A little more than a decade from now, one of the world’s great arid plains will become a bustling intersection of high-resolution astronomy and high-powered computing. Scrub land in either South Africa or Australia will host the biggest telescope ever, the Square Kilometer Array (SKA), designed to listen to the oldest birth pangs of the universe. And the brains of the operation will likely be the world’s most powerful supercomputer.
The next generation of major scientific instruments will require a whole new information architecture, both for processing and data transfer and for storage. So the future of astronomy is closely tied to the future of computing.
To interlace these futures even more tightly, IBM today announced a new $43 million (€32 million) center connected to its research base in Zurich, where computer scientists hope to design and build the first low-power exascale computer systems.
The Square Kilometer Array will consist of thousands of radio antennas spread across an area the size of a continent, with a collecting area equivalent to one square kilometer. It will study dark energy, search for black holes, look for complex organic molecules in interstellar space, and look back to the cosmic Dark Ages — the time before the formation of the first stars. Along with a massive virtual field of view, all this work requires lots of computing power.

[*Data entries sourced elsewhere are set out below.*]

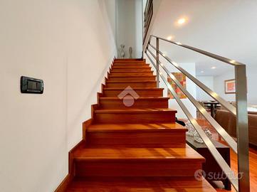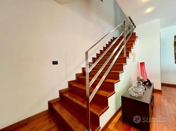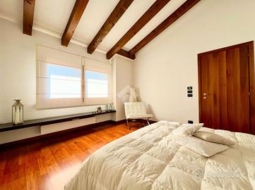 Salendo un'ampia scala impreziosita dalla ringhiera in inox raggiungiamo il piano primo che ospita la zona notte organizzata da due camere matrimoniali e una singola ed un bagno finestrato con vasca. Tutta la zona notte è caratterizzata dalle travi a vista in legno e dotata di impianto di climatizzazione.
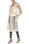 Featuring a lemon yellow sheer trench coat in silk organza base with embellishments on front and cuffs. It is paired with lycra jersey bustier top.
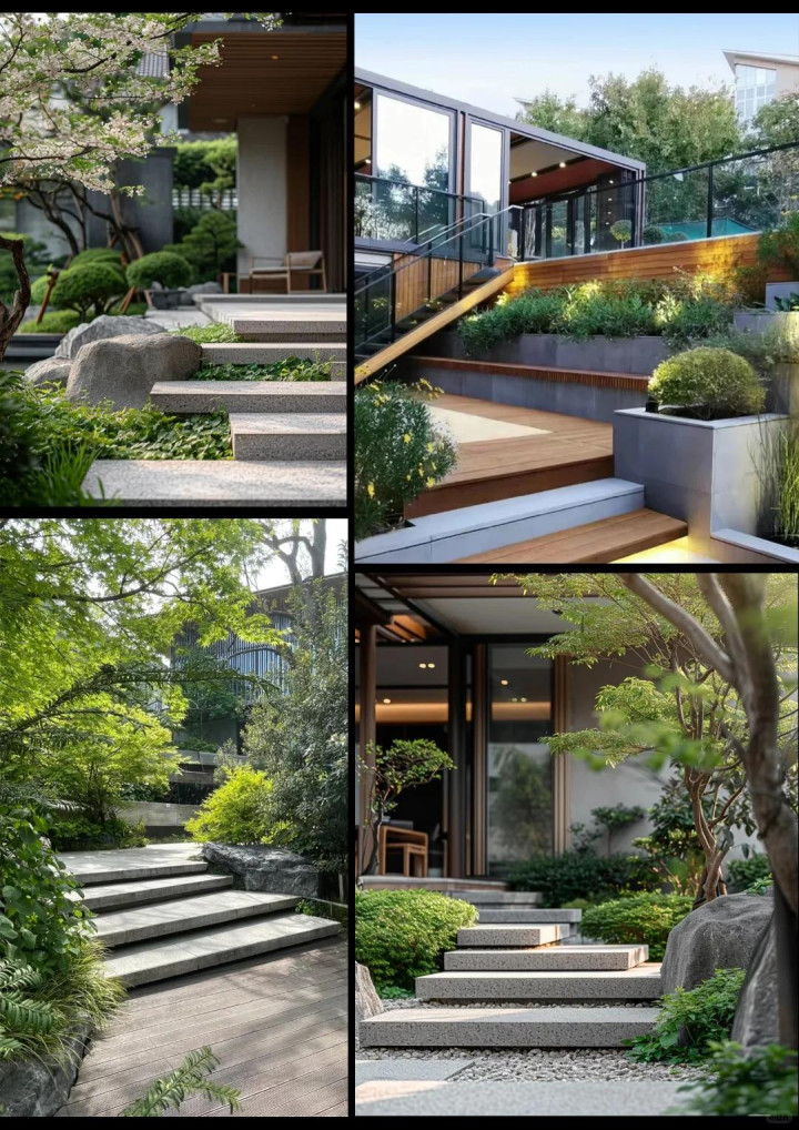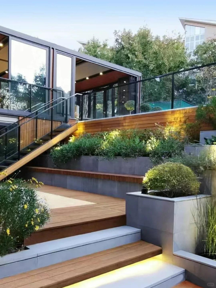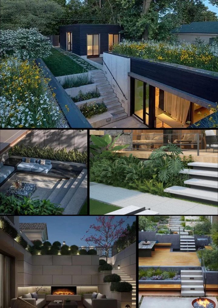 坡地上,台阶是必须的,但别作念得像楼梯那样严肃。台阶不错宽少量,深少量,让东谈主能一屁股坐上去。
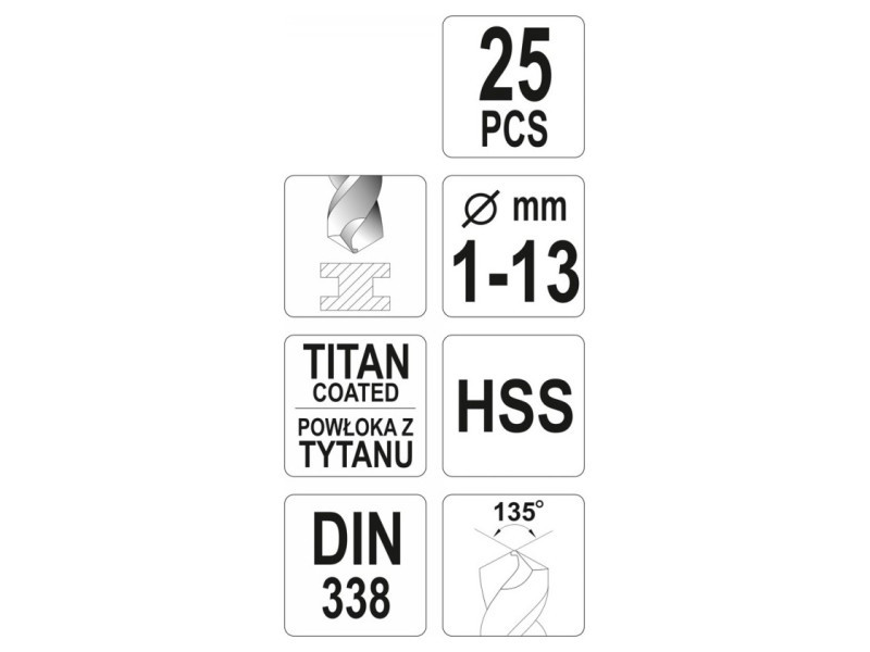 A készlet 25 db fúrószárat tartalmaz, amelyek átmérője:
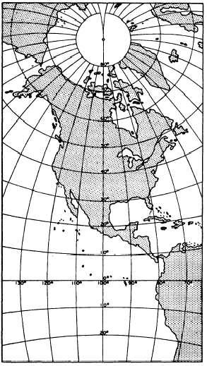 Figure 9-24.Polyconic projection of North America. showing areas extending for 730 of latitude and longitude. An index map is available, which gives you the quadrangle divisions and the name of the map that covers a particular area.That polyconic projection is not conformal distance-wise is indicated by the fact that one of these quad sheets, though it shows an area that is square on the ground, is oblong rather than square. The vertical or latitudinal length of the map is always greater than the horizontal or longitudinal length. The reason is that latitude is measured along a meridian, which is always a great circle, while longitude is measured along a parallel; and every parallel other than the equator is less than a great circle.An understanding of the concept of the great circle is essential to a thorough understanding of map and
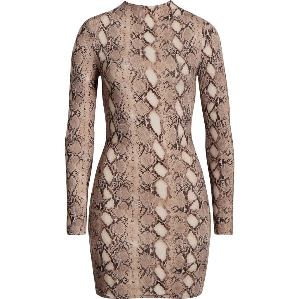 Naked Wardrobe Leopard Print Long Sleeve Body-Con Minidress in Nude Snakeskin at Nordstrom, Size Small
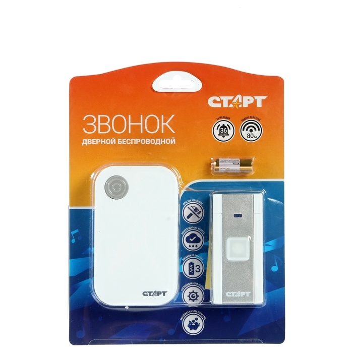 Звонок СТАРТ Б/З 009, беспроводной, 36 мелодий, 80 м, 3xAAА (не в комплекте) /1xA23, белый
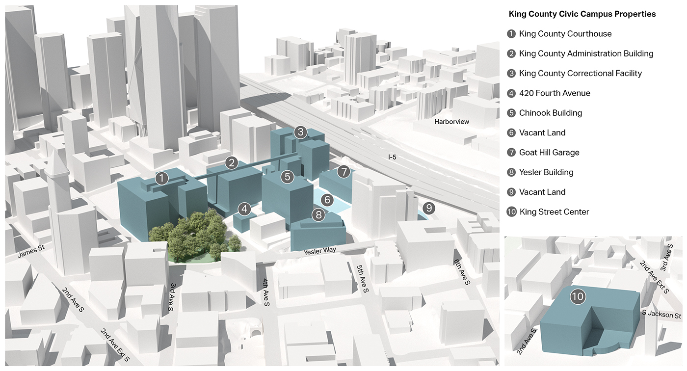 The county now has eight buildings on ten sites, some being full blocks. Its buildings total about 2.3 million square feet. The outlier is King Street Center, in Pioneer Square, which is too recent to raze. So, too, is the Chinook Building.
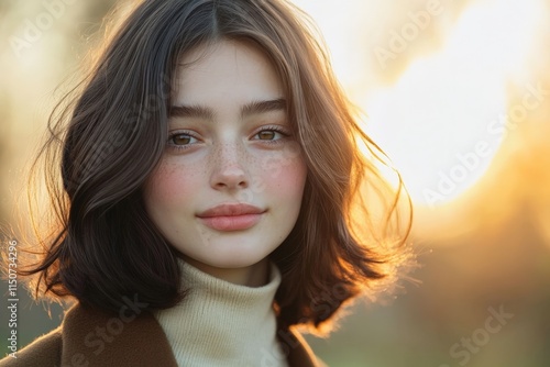 Young woman with soft features and glowing skin enjoying a sunset outdoors
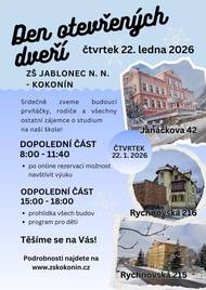 Den otevřených dveří 2026 v ZŠ Jablonec- Kokonín.
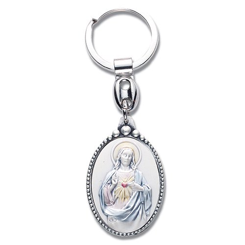 -. Title : Sacred Heart of Jesus Christ Inset with Silver Plate Base Medal 3 1/2 L Keychain
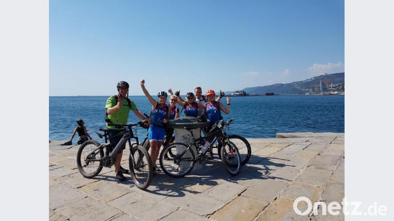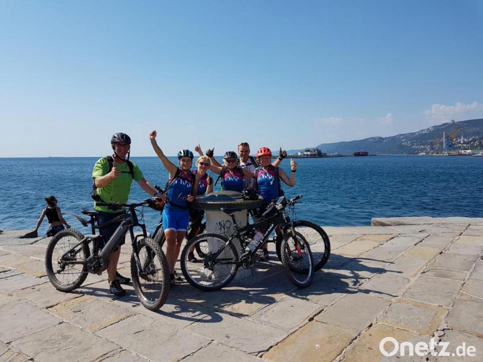 Jeder in der Gruppe war am Ende froh, dass der Alpencross ohne Unfälle abgegangen war. Und es gab auch nur zwei Pannen. Der erste Blick aufs Mittelmeer oberhalb von Tolmin entschädigte für die Strapazen. 540 Kilometer und über 12.000 Höhenmeter waren geschafft.
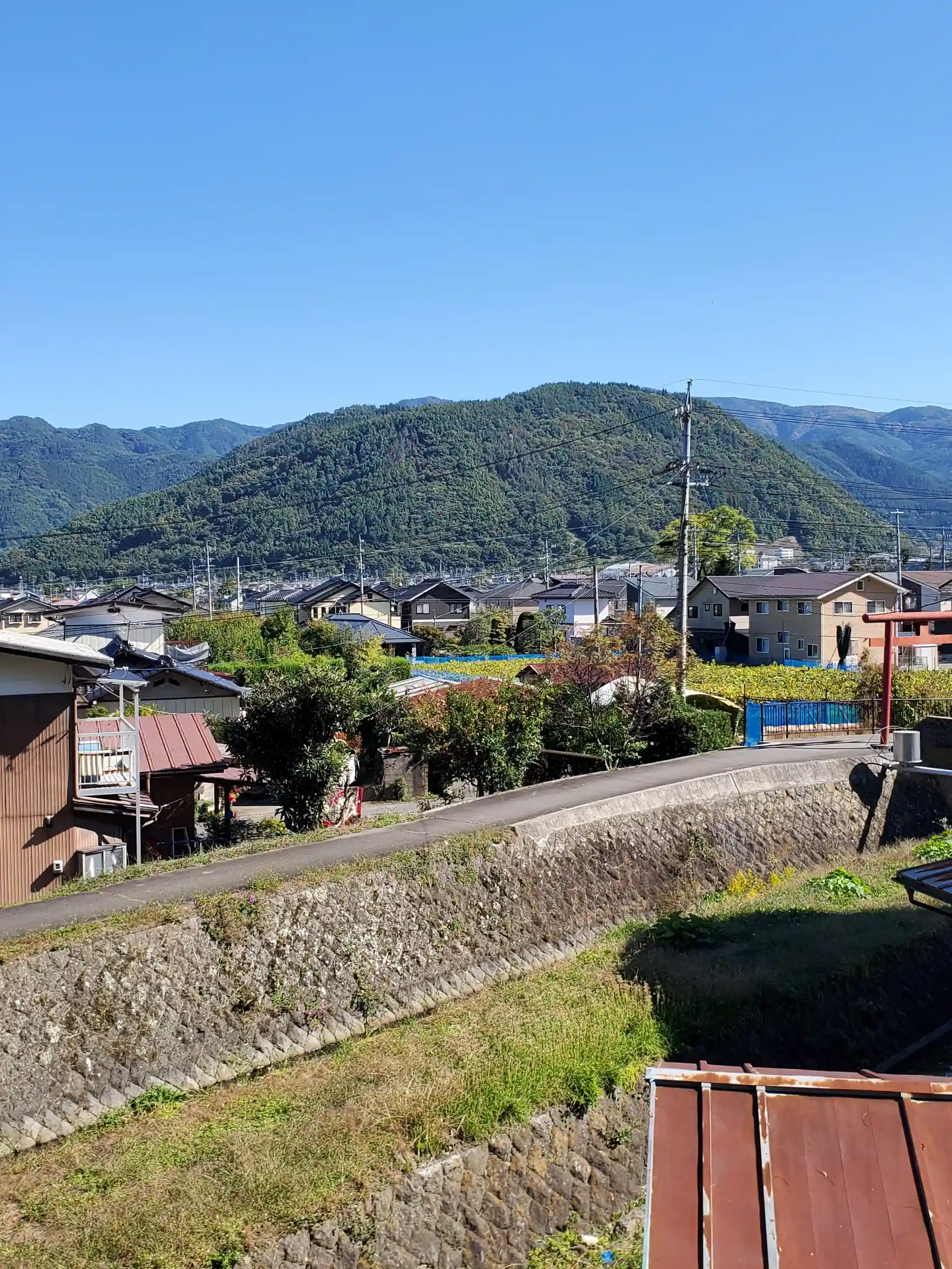 右にちょこっと見えてるのが、松代五社最後の白鳥神社のある山

Take the current global daily Internet traffic and multiply it by two, and you start to approach the stupendous scales of data the Square Kilometre Array will churn out daily — about an exabyte per day. This vastly outpaces the state of the art in computing, notes Ton Engbersen of IBM Research in Zurich. “The area you would need for PCs is larger than the SKA,” he said.
Depending on how the SKA is designed and how data transfer questions are solved, it will require between two and 30 exaflops, he said. The design parameters are still being hammered out, but the first phases of construction are scheduled to start in 2016. The site in either Australia or Africa (with most of the dishes in South Africa, and others scattered in different countries from Botswana to Zambia) is expected to be announced later this month. The $2 billion project is not planned to be completed until 2024.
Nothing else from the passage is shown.